Der neue Schmusekurs Camerons mit der antidemokratisch eingestellten Regierung Polens wirkt da, wie eine skrupellose Leichenfledderei. Der Brite tut so, als sei die EU schon Geschichte und paktiert ungehemmt mit extremen EU-Gegnern, die die Union von Polen aus spalten möchten. Die feindliche Haltung gegen Deutschland ist dabei unverkennbar.

Die deutsche Dominanz in der EU zeigt sich im Augenblick darin, dass Deutschland ein großes Problem auf sich nimmt, um den Schengenraum, den Euro und die EU zu erhalten! Das tun wir nicht das erste Mal!

Die Art und Weise, in der wir derzeit damit allein gelassen sind, und uns zunehmend von Regierungen, auch ehemals befreundeten Regierungen, wie Frankreichs Regierung Hollande, umgeben sehen, die jetzt ihren Nationalismus gegen den europäischen Gedanken setzen, schmerzt.

Weder Frankreich noch England haben ein Recht, europäische Probleme an andere zu delegieren und sich selbst von der Lösung auszunehmen. Noch schlimmer ist das Paktieren mit Ländern, die sich vollends einer Lösung der Flüchtlingskrise unter Beibehaltung des Schengenraumes verweigern. Die Annäherung an Polen ist unter den derzeitigen Umständen ein Schlag ins Gesicht von uns Deutschen. Die Engländer sollten dann lieber gleich die Konsequenzen ziehen und die EU verlassen!
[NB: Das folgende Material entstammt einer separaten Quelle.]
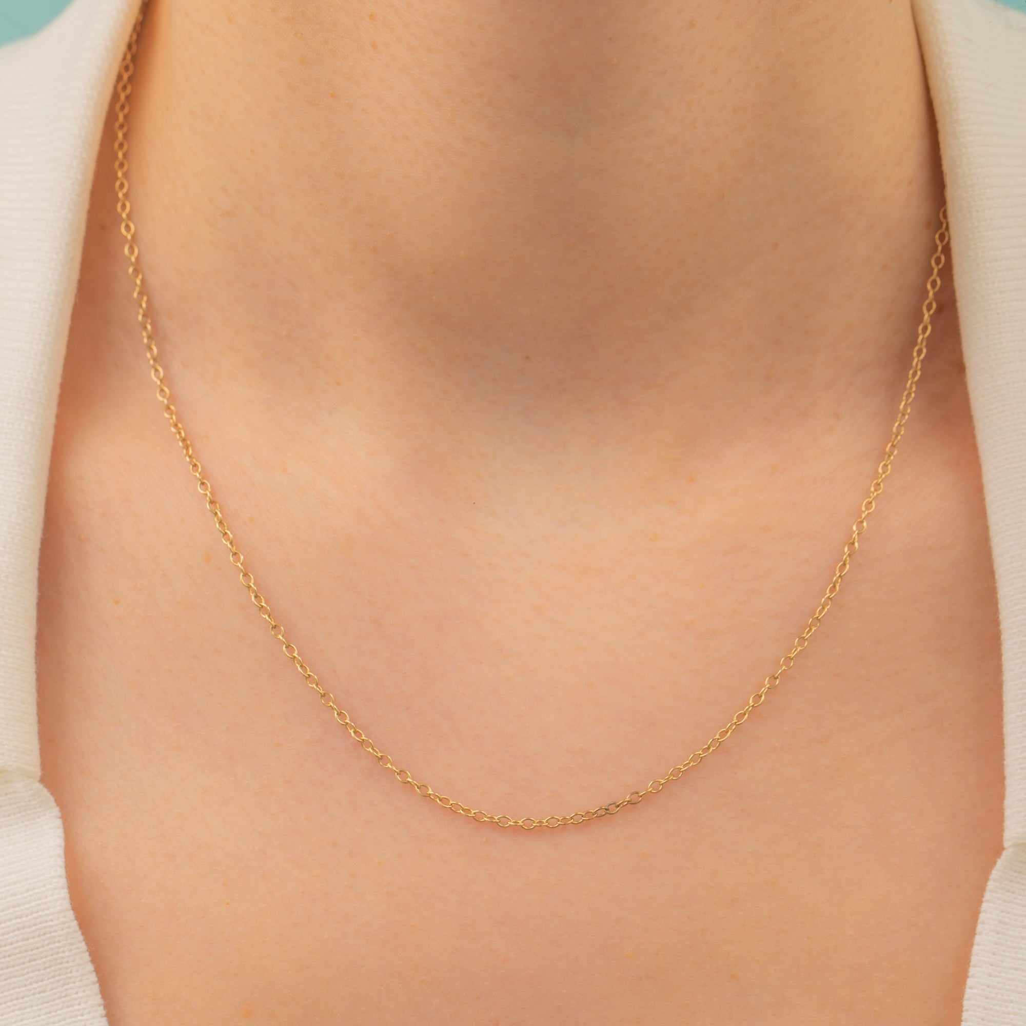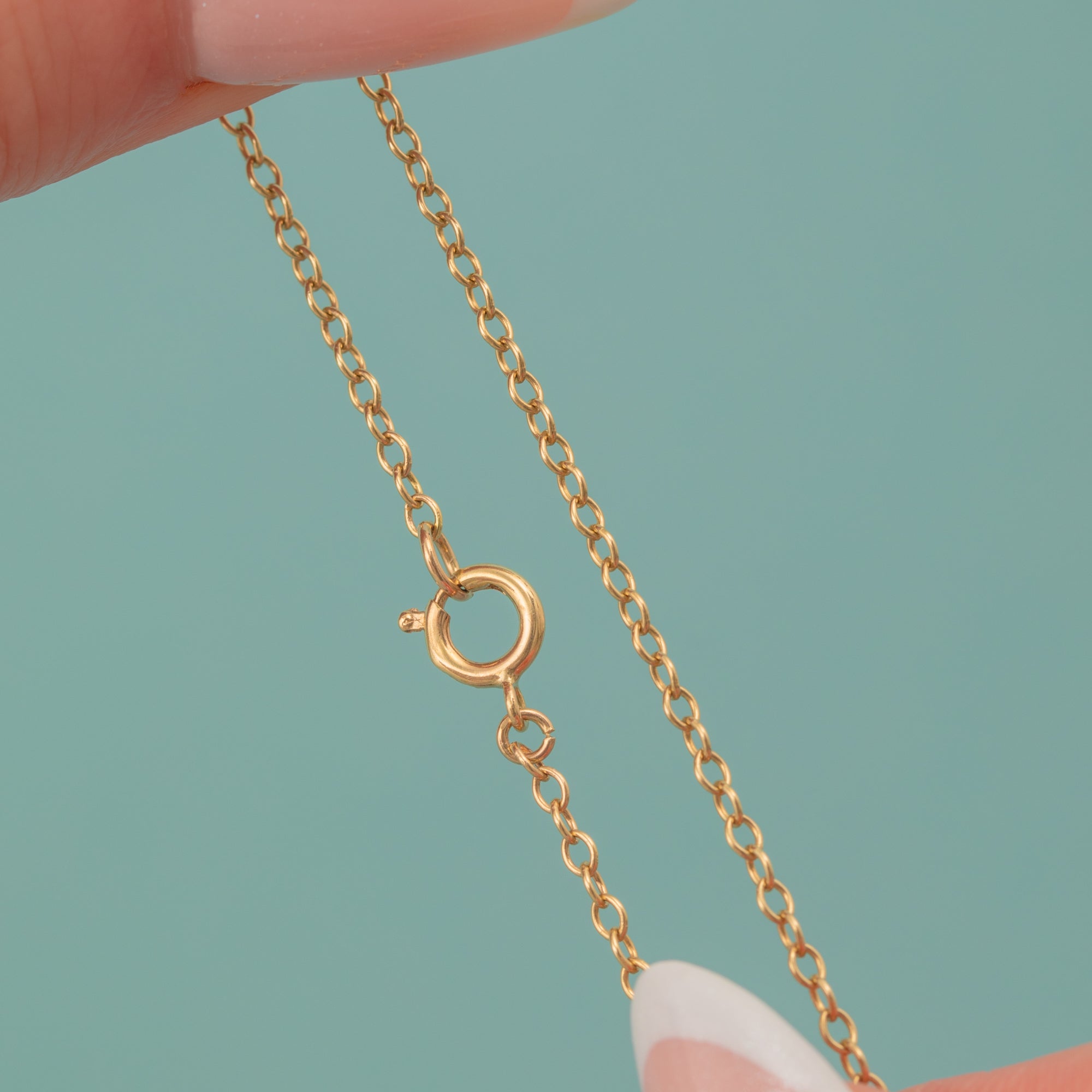 EXCELLENT. This antique 9ct Gold skinny pendant chain is in excellent condition throughout. Each link is perfectly formed and securely connected to the next, and the bolt-ring is in fine working order. A must-have for your collection!

Angesichts dieser neuen europäischen Krise ist Politik nicht mehr das, was die da oben machen, sie ist nicht abstrakt und das Verhalten von Franzosen und Engländern, von dänischen und schwedischen Regierungen schlägt direkt auf uns deutsche Bürger zurück. Es wird für uns keine Lösung der Flüchtlingskrise geben, wenn die EU sich verweigert. Allerdings wird es dann auch keine Lösung für die EU geben, was weitreichende Konsequenzen für die Mitgliedsstaaten haben wird. Die eingeschränkte Reisefreiheit und der Verlust der gemeinsamen Währung sind dann vorprogrammiert. Wie lange der gemeinsame Wirtschaftsraum dann noch funktioniert, dürfte äußerst fraglich sein!

Wenn die wichtigsten EU-Partner nicht bereit sind mit Deutschland zusammen einen gemeinsamen Puffer für die Flüchtlingsströme zu bilden und stattdessen zur Nationalstaaterei zurückkehren, wird auch Deutschland das Problem nicht lösen können. Dann werden wir wieder ein Europa der Grenzen haben. Auch der Grenzen zwischen Deutschland und Frankreich.

Ich persönlich überlege mir inzwischen, ob und wann ich mein ehemaliges Lieblingsland in Europa wieder besuchen werde. An Dänemark habe ich schon eine Absage erteilt, die Briten sehen mich so bald nicht mehr, aber Frankreich Adieu zu sagen, das schmerzt wirklich!